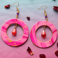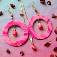 This collection's Pom de résistance are these Pomegranate Molasses Statement Earrings. Made with custom pink, white, and fuschia marbled clay with gold accents and adorned with beautiful glass pomegranate seeds, thick gold paperclip chain and vibrant crystal to really make these special earrings pop.
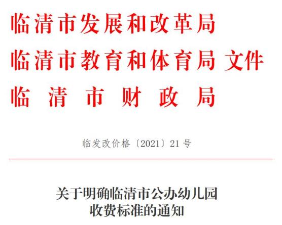 <山东省定价目录>的通知》(鲁发改价格〔2020〕1361号)的管理权限和《聊城市发展和改革委员会聊城市教育和体育局聊城市财政局关于贯彻实施<山东省幼儿园收费管理办法>有关问题的通知》(聊发改成本〔2020〕48号)文件精神,充分考虑我市经济发展水平、群众承受能力和办园成本,依据成本调查的情况,经市政府同意,对临清市公办幼儿园收费标准通知如下:山东省幼儿园收费管理办法>山东省定价目录>
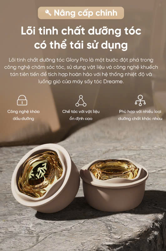 Hãy cùng sấy khô, nuôi dưỡng và chăm sóc mái tóc bóng mượt cùng Glory Pro. Với luồng gió mạnh mẽ, công nghệ ion âm tiên tiến, kết hợp với thiết kế gọn nhẹ, chip xử lý kiểm soát nhiệt độ thông minh, ngoài ra bổ sung đầu sấy kết hợp lõi tinh chất, Glory Pro không chỉ giúp mái tóc bạn được thổi khô nhanh chóng, mà còn giúp việc nuôi dưỡng chăm sóc trở nên đơn giản, tiện lợi, nhẹ nhàng. Thiết kế màn hình LED cao cấp, sang trọng giúp Glory Pro trở thành một phụ kiện thể hiện đẳng cấp, cùng gout thẩm mỹ tinh tế hiện đại của người dùng. Vẻ ngoài gọn nhẹ, dễ bảo quản, dễ dàng mang theo trong các chuyến du lịch công tác. Ngoài ra việc kết hợp đầu sấy với lõi tinh chất có thể re-fill giúp cá nhân hóa & nâng tầm trải nghiệm chắc sóc tóc của bạn, giúp bạn luôn tỏa sáng trong từng khoảnh khắc.
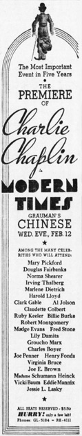 Modern Times premiere is in Los Angeles Feb. 12, 1936
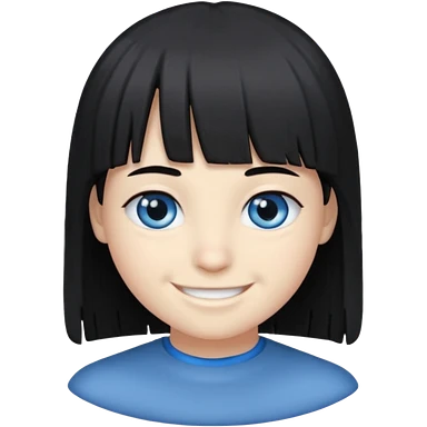 Grey anthropomorphic furry fox with a black coat, blue eyes, and a small fringe of black hair, smiling emoji
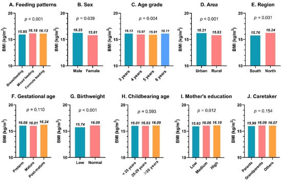 The mean distribution of BMI in subgroups of covariates showed differences. Univariate analysis (one-way ANOVA) showed that the differences in BMI means were statistically significant in terms of the feeding patterns, age grade, area, region, birthweight, and mother’s education (all p < 0.05) and indicated that participants with mixed feeding (16.18%), age six years (16.11%), in urban areas (16.21%), in the north (16.24%), with normal birthweight (16.09%), and a high mother’s qualification (16.10%) had higher BMIs (Figure 2).
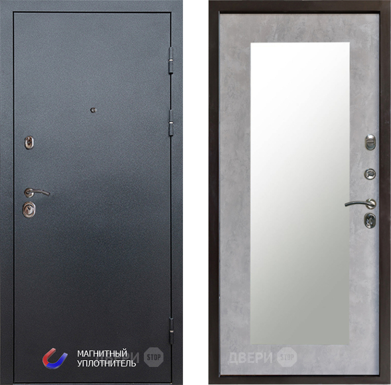 Входная Дверь Престиж Графит Зеркло Пастораль Бетон светлый 860x2050 мм
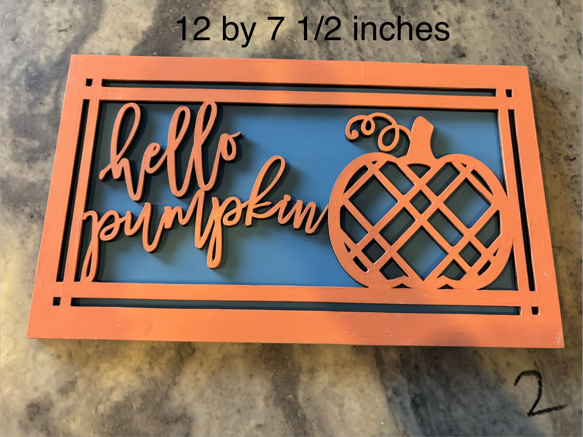 Good Condition! Smoke Free Home. *This is hand made! (there will be lil imperfections) *Needs stand/hardware Fall Decoration Sign “Hello Pumpkin” Size: 12 by 7 1/2 inches $10 Yorkville Porch PickUp Cross Posted *Check out my other offers!* -Sorry I do not ship- $CASH ONLY$
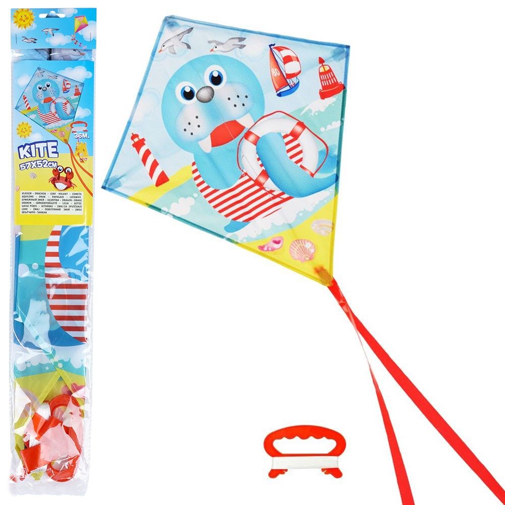 Latawiec z motywem lwa morskiego. Żywe kolory latawca sprawią, że będzie pięknie prezentował się na niebie. Dodatkowo posiada wstążki, które powiewają na wietrze. Latawiec jest lekki, posiada wygodny uchwyt, który zapewni odpowiednie manewrowanie latawcem. Zabawa latawcem to świetny sposób na spędzenie czasu zarówno dla dzieci jak i dorosłych. Wyprodukowano zgodnie z europejskimi standardami.
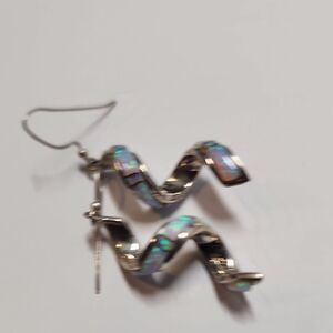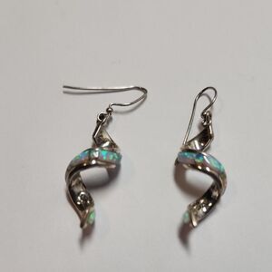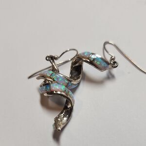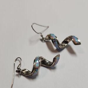 Sterling Silver and Opal Earrings Ribbon Swirl Earrings Native American
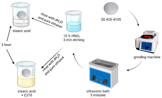 The AISI 410S stainless steel specimens (⌀ = 1.2 cm) were first ground with various grits of emery paper (320, 400, 600, 800, 1000, and 1200), cleaned ultrasonically with alcohol and deionised water and dried with compressed air. To create a superhydrophobic surface, we used a simple immersion method. The samples were etched chemically in 10% HNO3 for 3 min, after which the etched samples were rinsed quickly with deionised water followed by pure ethanol, and immersed immediately in an ethanol solution of 0.05 M SA or in a mixture of 0.05 M SA + x wt% E307, x = (0.5, 1.0, and 2.0) wt% (hereafter wt% = %) at room temperature for 1 h. The modified surfaces of SS thus obtained were dried with compressed air to perform further characterisation or electrochemical measurements. The immersion time was constant, one hour, as was the concentration of the stearic acid, c = 0.05 M. The entire sample preparation procedure is shown in Scheme 1.
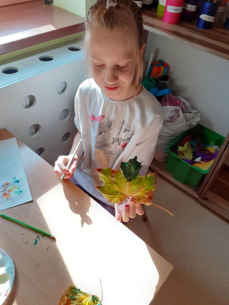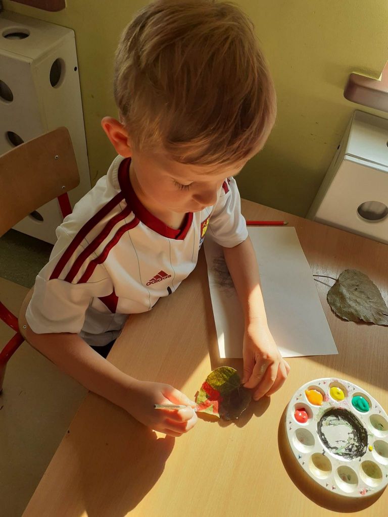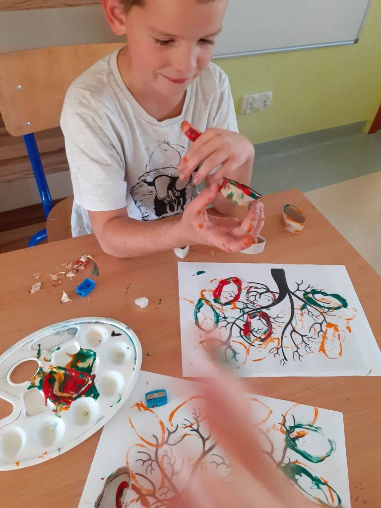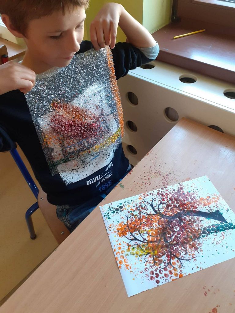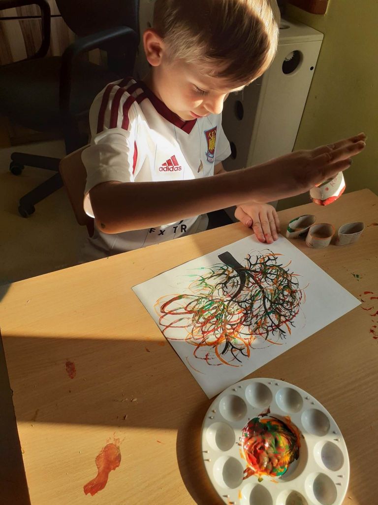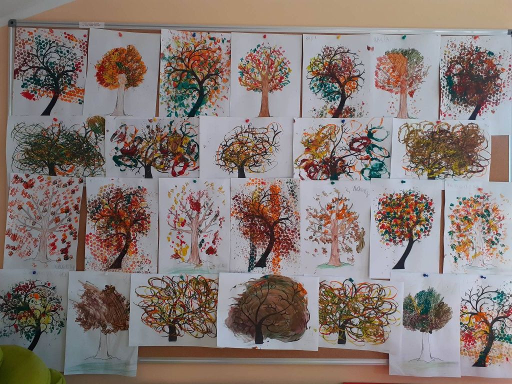 Pierwszy Dzień Jesieni, a zarazem Dzień Spadającego Liścia. Niektórzy nie przepadają za jesienią – bo zimno, mokro, wietrznie. Ale my tą porę roku bardzo lubimy! A kto wcześniej nie lubił, to już zdążył zmienić zdanie. Wszystko dzięki kolorowym pracom plastycznym, które wykonaliśmy. Powstały piękne jesienne drzewa – z pomarańczowymi, zielony, czerwonymi i żółtymi liśćmi. Każde zostało wykonane inną techniką, choć do wszystkich zostały użyte farby – jedne malowaliśmy przy pomocy rolek po papierze toaletowym, inne odbijając kółeczka z folii bąbelkowej, a jeszcze inne patyczkami higienicznymi. U nas już jest jesiennie, ale nadal słonecznie i pozytywnie.
....
Exercise details | Starting from the first line of the entries above, print each line exactly until the line containing "Grey anthropomorphic furry" has been printed, and skip the pictures.

The completed task |
 This collection's Pom de résistance are these Pomegranate Molasses Statement Earrings. Made with custom pink, white, and fuschia marbled clay with gold accents and adorned with beautiful glass pomegranate seeds, thick gold paperclip chain and vibrant crystal to really make these special earrings pop.
 <山东省定价目录>的通知》(鲁发改价格〔2020〕1361号)的管理权限和《聊城市发展和改革委员会聊城市教育和体育局聊城市财政局关于贯彻实施<山东省幼儿园收费管理办法>有关问题的通知》(聊发改成本〔2020〕48号)文件精神,充分考虑我市经济发展水平、群众承受能力和办园成本,依据成本调查的情况,经市政府同意,对临清市公办幼儿园收费标准通知如下:山东省幼儿园收费管理办法>山东省定价目录>
 Hãy cùng sấy khô, nuôi dưỡng và chăm sóc mái tóc bóng mượt cùng Glory Pro. Với luồng gió mạnh mẽ, công nghệ ion âm tiên tiến, kết hợp với thiết kế gọn nhẹ, chip xử lý kiểm soát nhiệt độ thông minh, ngoài ra bổ sung đầu sấy kết hợp lõi tinh chất, Glory Pro không chỉ giúp mái tóc bạn được thổi khô nhanh chóng, mà còn giúp việc nuôi dưỡng chăm sóc trở nên đơn giản, tiện lợi, nhẹ nhàng. Thiết kế màn hình LED cao cấp, sang trọng giúp Glory Pro trở thành một phụ kiện thể hiện đẳng cấp, cùng gout thẩm mỹ tinh tế hiện đại của người dùng. Vẻ ngoài gọn nhẹ, dễ bảo quản, dễ dàng mang theo trong các chuyến du lịch công tác. Ngoài ra việc kết hợp đầu sấy với lõi tinh chất có thể re-fill giúp cá nhân hóa & nâng tầm trải nghiệm chắc sóc tóc của bạn, giúp bạn luôn tỏa sáng trong từng khoảnh khắc.
 Modern Times premiere is in Los Angeles Feb. 12, 1936
 Grey anthropomorphic furry fox with a black coat, blue eyes, and a small fringe of black hair, smiling emoji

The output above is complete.